━━━ INPUT DATA ━━━
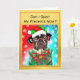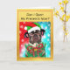 Önska God Jul med denna vintage hund juldesign från Loud and Sassy-butiken. Designen visar en söt fransk bulldogg som bär en ful jultröja, en tomtehatt och en julkranshalsband med en röd rosett och gyllene klockor. Designen inkluderar ett roligt hundpuns, "Kan jag öppna mina presenter nu?", som är allt denna söta lilla rashund vill veta. Den innehåller också traditionella julhälsningar. Texten är helt anpassningsbar och kan enkelt ändras till vad du önskar för en riktigt personlig touch! Perfekt för hundälskare, de som gillar roliga puns och perfekt för djurälskare som älskar att fira den festliga säsongen med sina pälsbarn!
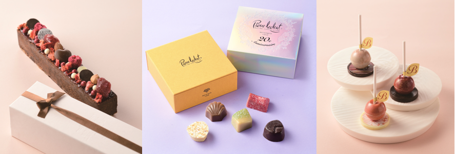 ベルギーの伝統を基に独創的なショコラを手掛けるピエール・ルドン。日本で販売を開始して20周年を迎える今年は、定番のビター、ミルク、ホワイトに近年人気のルビー、ブロンドの5種を1箱で楽しめるセットが20周年記念限定ボックスに入って登場します。
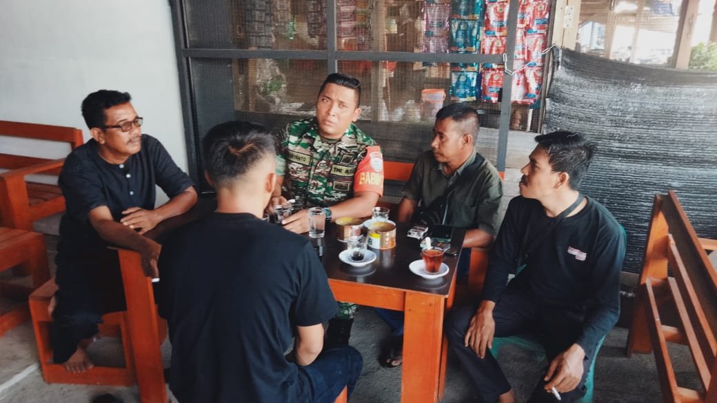 Aceh Jaya – Mencegah kenakalan remaja di kalangan masyarakat, Babinsa Koramil 0114-06/Teunom Koptu Sugianto melaksanakan Komunikasi Sosial (Komsos) dengan para pemuda, di warung Kopi Desa Alue Ambang, Kecamatan Teunom, Kabupaten Aceh Jaya. Jumat, (27/12/2021).
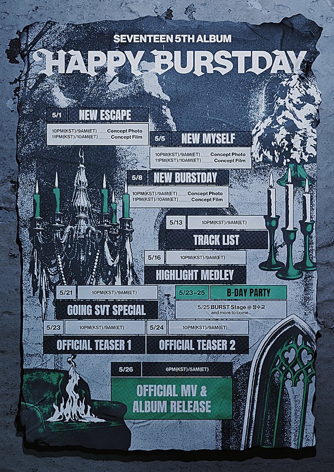 플레디스엔터테인먼트제공[뉴스엔이민지기자]그룹세븐틴이컴백을앞두고다채로운콘텐츠를예고했다.세븐틴은4월29일정규5집‘HAPPYBURSTDAY’프로모션스케줄러를공개,컴백카운트다운을알렸다.이에따르면세븐틴은5월1일과5일,8일각각‘NEWESCAPE’,‘NEWMYSELF’,‘NEWBURSTDAY’버전의콘셉트포토와필름을선보인다.이어13일트랙리스트,16일하이라이트메들리,23일~24일오피셜티저2편이순차적으로공개된다.신보와타이틀곡뮤직비디오는데뷔10주년기념일인26일오후6시베일을벗는다.가장눈길을끄는대목은23일~25일3일간진행되는‘B-DAYPARTY’다.25일서울잠수교에서펼쳐지는‘BURSTStage’를비롯해세븐틴10주년을성대하게기념할생일파티가열린다.스케줄러에는‘andmoretocome’이라고적혀있어앞으로추가공개될소식에전세계팬들의기대감이높아지고있다.이외에도세븐틴의컴백때마다뜨거운호응을얻어온자체콘텐츠‘고잉세븐틴’스페셜편이21일에돌아온다.신선한프로모션도이목을집중시킨다.세븐틴이보낸파티초대장을받고약속장소로향하는과정이캐럿(CARAT.팬덤명)시점의영상세편으로공개돼몰입감을높였다.파티장소에도착한이들앞에앞으로어떤광경이펼쳐질지궁금증이커지고있다.정규5집‘HAPPYBURSTDAY’는생일을의미하는‘Birthday’와폭발,분출,시작을뜻하는영어단어‘Burst’을결합한앨범명으로,새로운세븐틴으로재탄생하겠다는멤버들의각오가담겼다.지난28일공개된트레일러‘DAREORDEATH’는대담한도전을통해격정적으로다시태어난이들의모습을강렬하게담아내호평을받았다.뉴스엔이민지oing@기사제보및보도자료[email protected]ⓒ뉴스엔.무단전재&재배포금지Copyright©뉴스엔.무단전재및재배포금지.
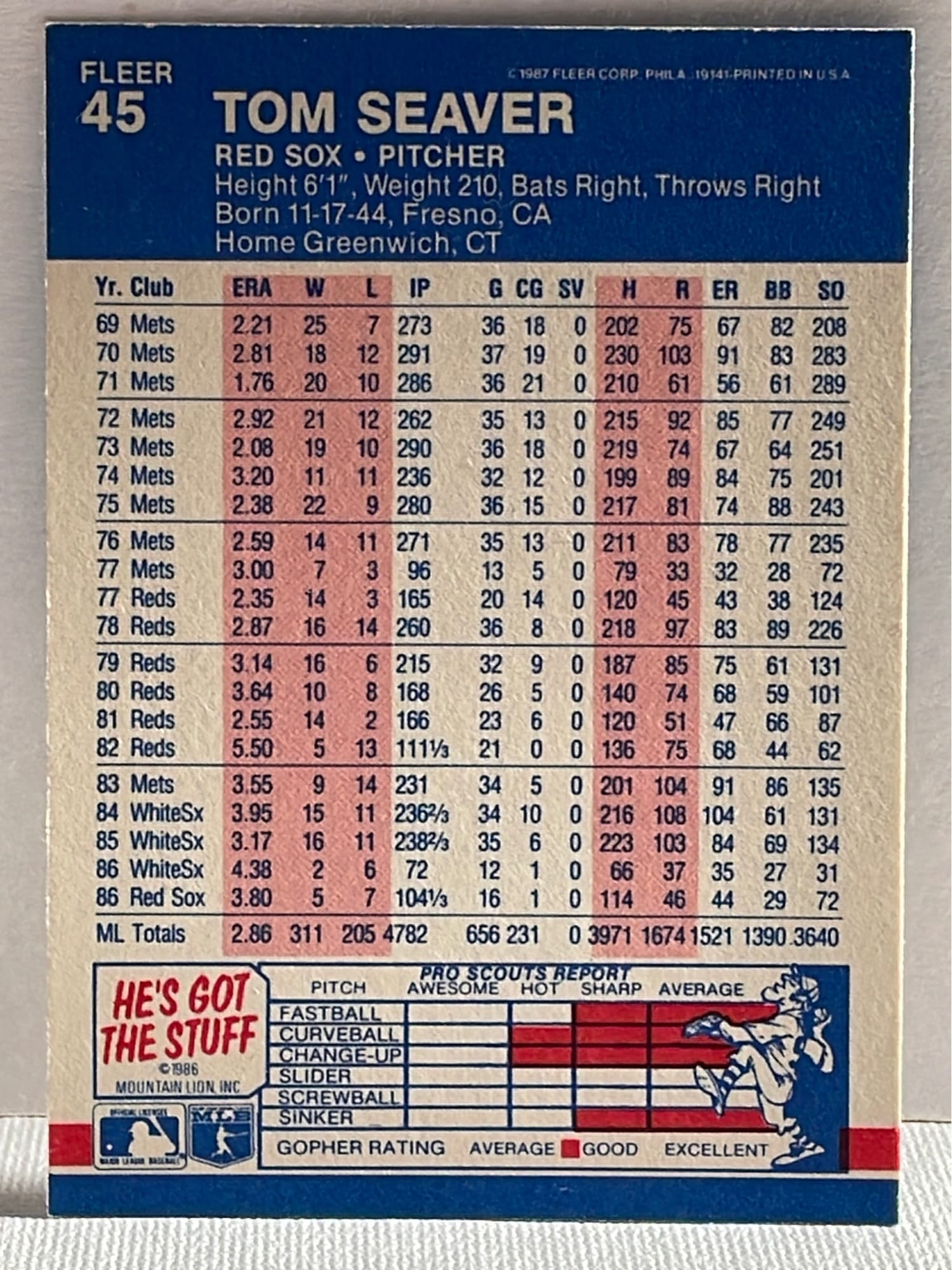 243 2 - Baseball Cards: 1984 Topps #108 Tom Seaver and 1987 Fleer # 84 Reggie Jackson
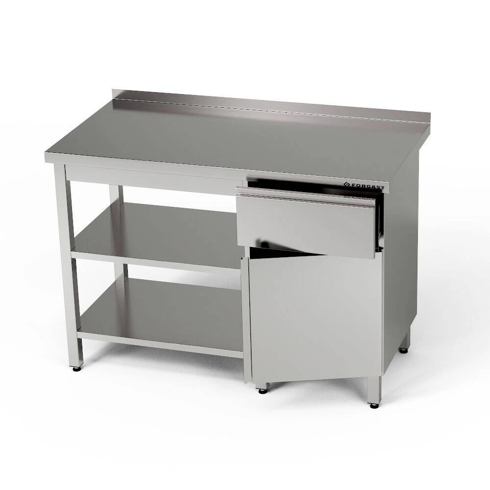Pracovní stůl o rozměrech 100x60x85 cm se skříňkou s otevíracími dvířky, zásuvkou a 2 skříňkami. Skříňka se zásuvkou dlouhou 40 cm a širokou 60 cm (hlubokou) umístěnou na pravé straně. Uvnitř skříňky je półka. Na levé straně dvě skříňky. Stół z nerezové oceli J4.
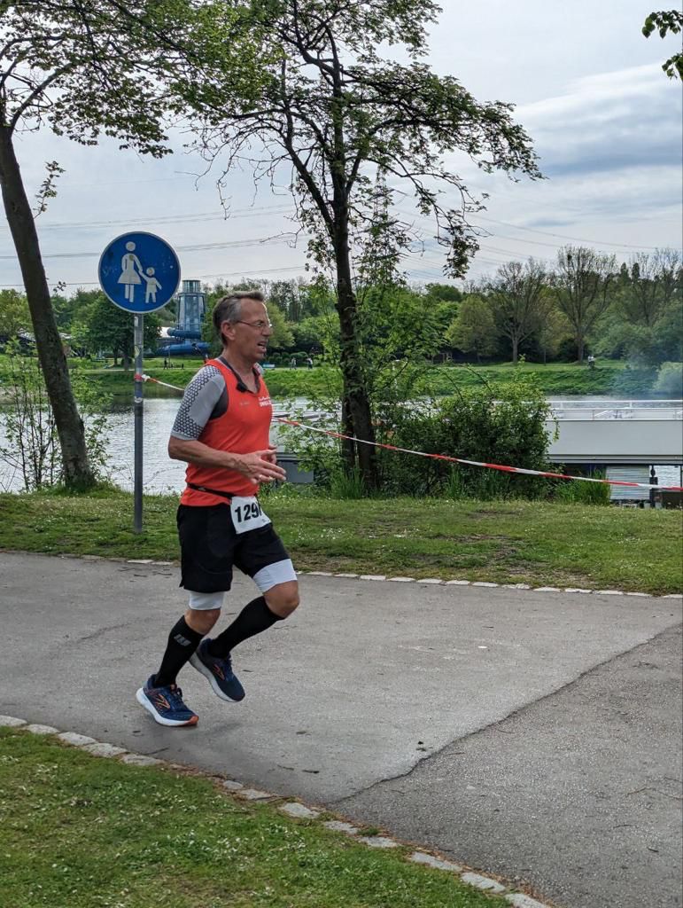 Er lief den 10 km Hauptlauf mit 2 Runden und finishte in 47:43 Min.
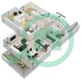 2D and 3D floor plans for Type 1 4-bathroom 2-bedroom Apartments in Cilia Building 8, Ghaf Woods. Cilia Building 8 has 4 more floor plans for different types of Apartments.
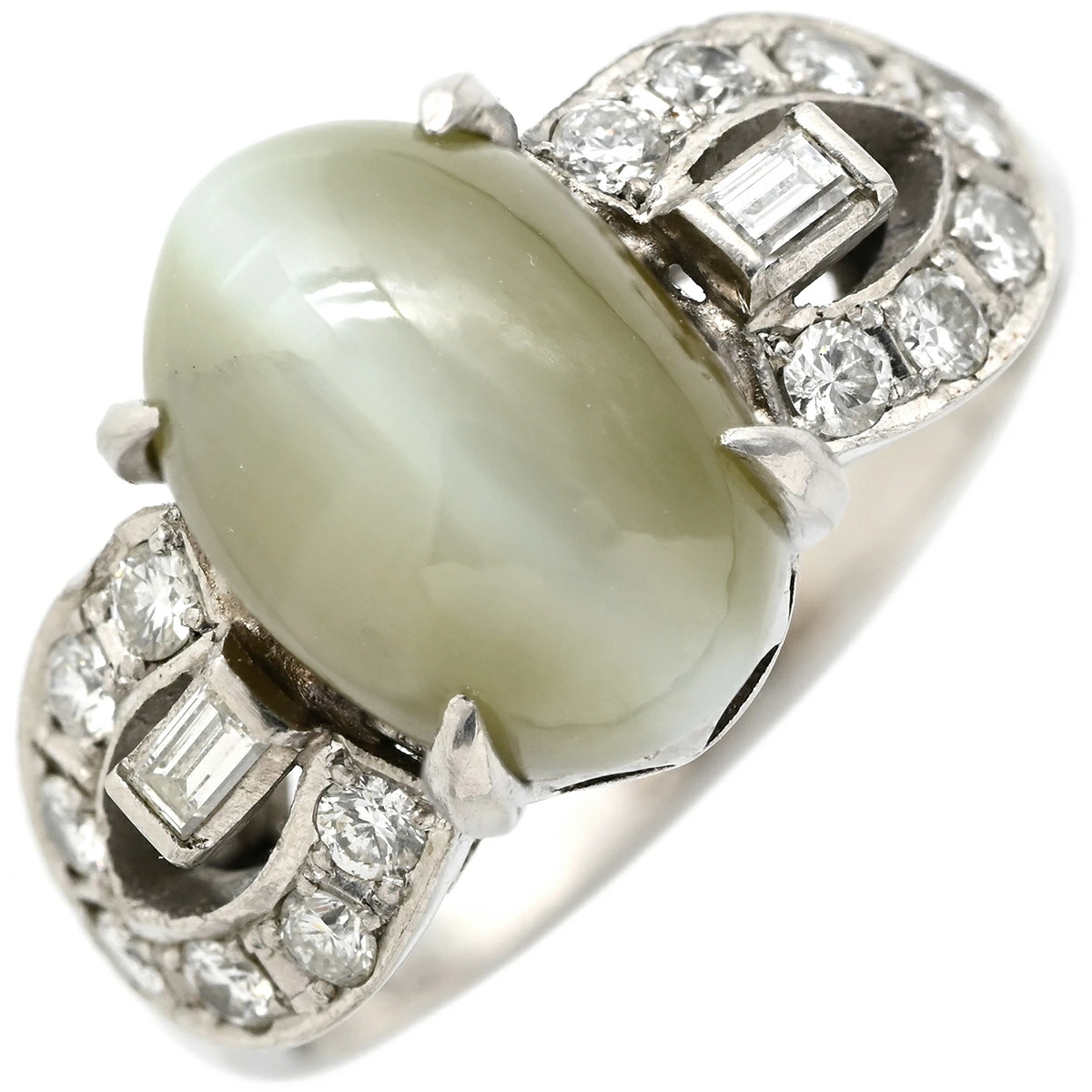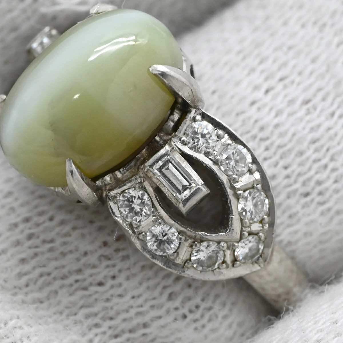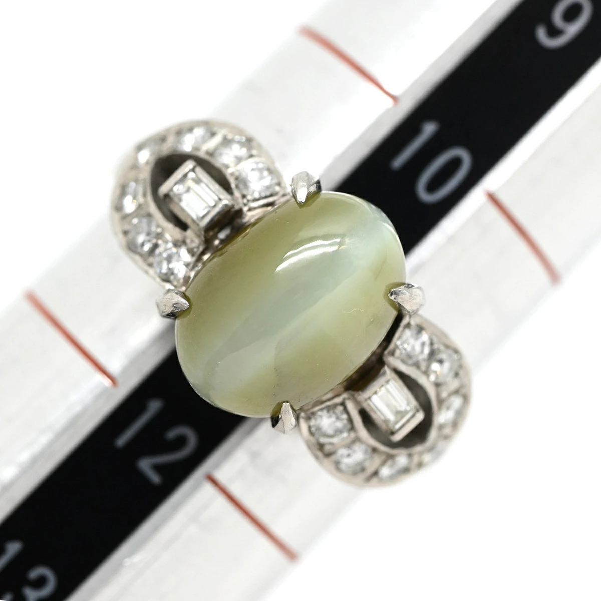 ▲クリックで拡大されますノンブランド NON BRAND リング 指輪 クリソベリルキャッツアイ ダイヤ Pt ダイヤモンド クリソベリルキャッツアイ オリーブグリーン×プラチナシルバー Pt プラチナム 緑 オリーブグリーン オーバル パヴェ バゲットカット 天然石 - 11号 レディース定番 人気 美品 【中古】
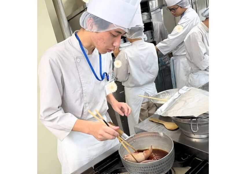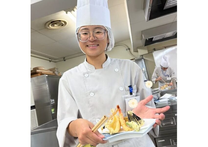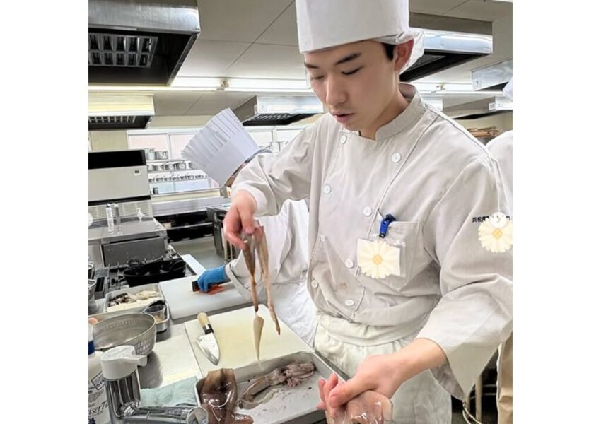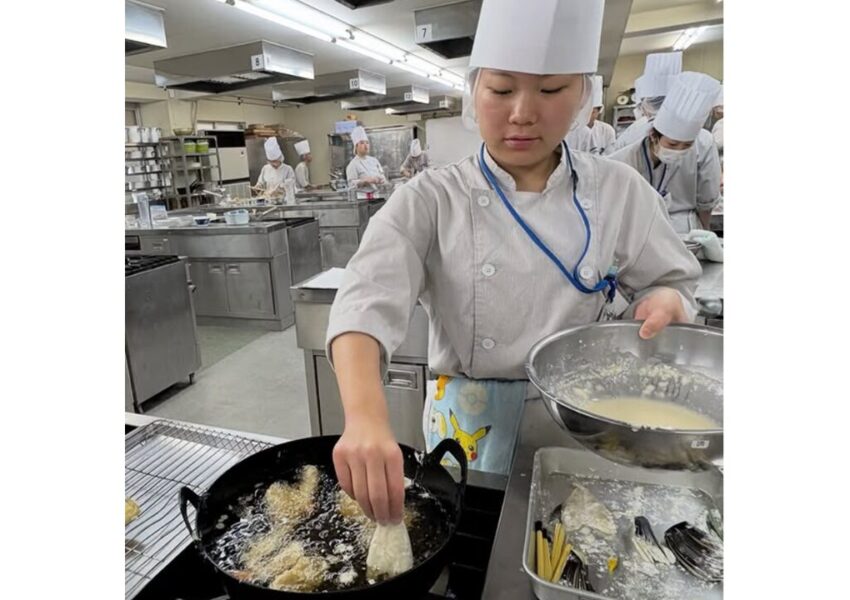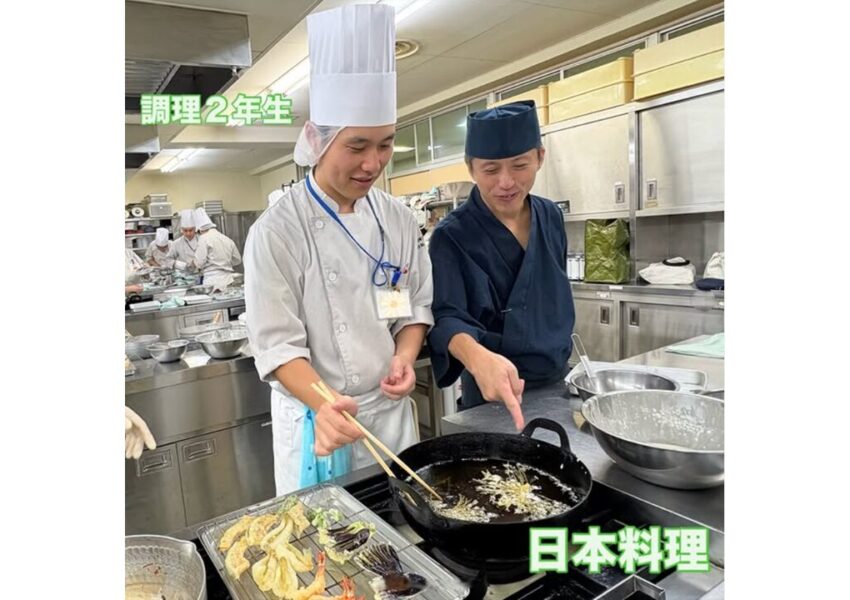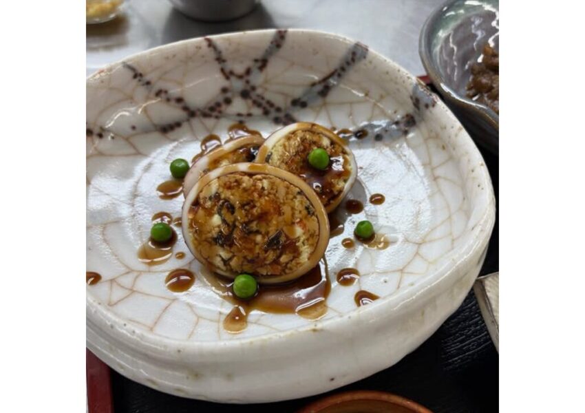 2025/10/20 授業日記調理師科 授業日記調理2年生 日本料理仲村先生の日本料理実習🥢 いかのけんちん煮、季節野菜の天ぷら🧑🏻🍳✨けんちん煮は、豆腐や卵を炒めた『けんちん地』をスルメイカに詰めて煮上げて作ります🦑
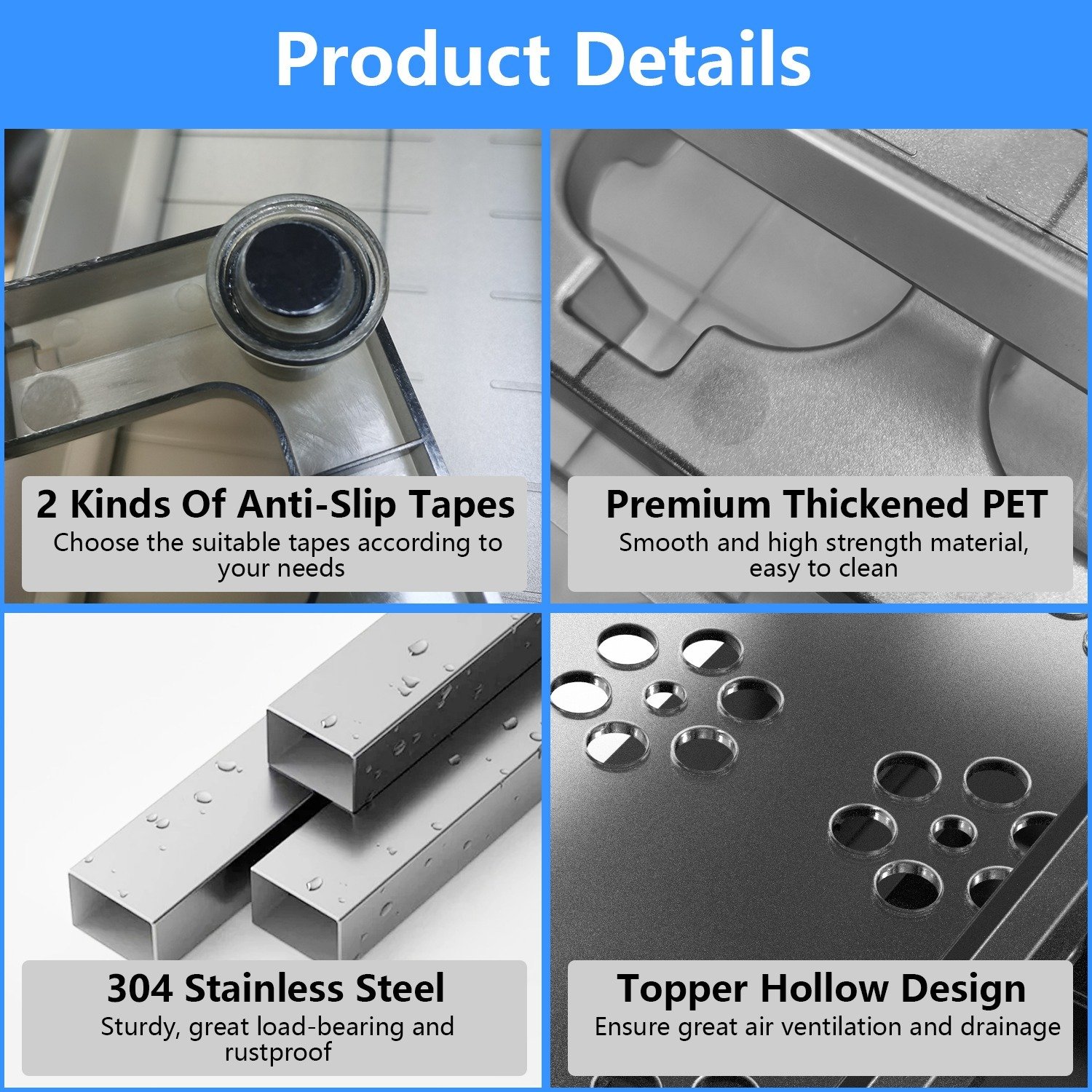- *Rustproof & Sturdy Material*: Constructed of thickened PET material and high-strength stainless steel pipes,sturdy,rustproof,renders you great loading capacity and long lasting use. Additionally,topper basket is also featured with hollow design,offers excellent drainage.
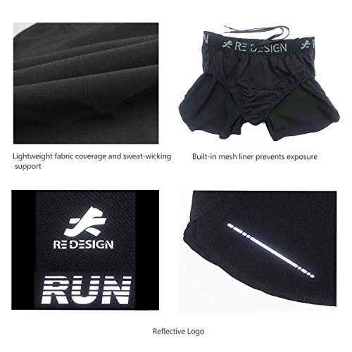 ReDesign Apparels Mens 3″ Ultra Running Marathon Split Shorts with Inner Mesh Liner
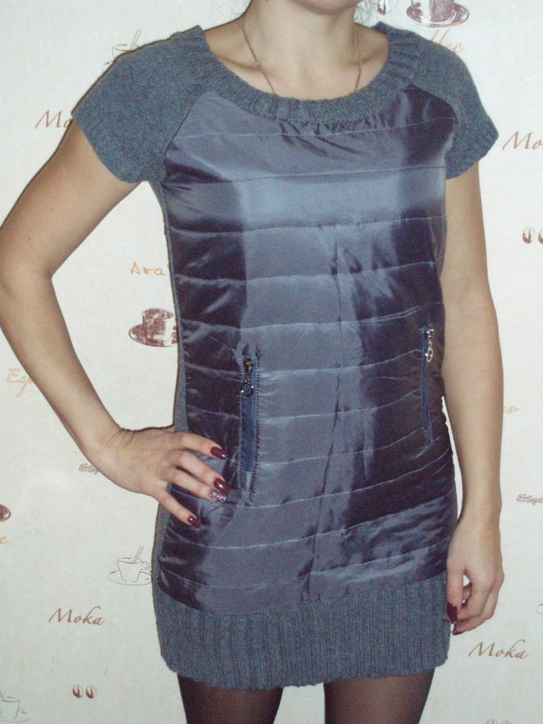 9. Туника серая с болоневой вставкой впереди MONCLER с карманами на змейке по бокам (100% cotton, Турция, S-M). Есть еще теплый съемный воротник, который по-разному можно моделировать. Состояние нового, одета 1 или 2 раза. Цена - 250 грн.
━━━
### [WHAT THE EXERCISE ASKS]
Take the line with "ReDesign Apparels Mens" and each line after it through the end of the material above, and reproduce them exactly, both ends included, without pictures.

### [RESULT]
 ReDesign Apparels Mens 3″ Ultra Running Marathon Split Shorts with Inner Mesh Liner
 9. Туника серая с болоневой вставкой впереди MONCLER с карманами на змейке по бокам (100% cotton, Турция, S-M). Есть еще теплый съемный воротник, который по-разному можно моделировать. Состояние нового, одета 1 или 2 раза. Цена - 250 грн.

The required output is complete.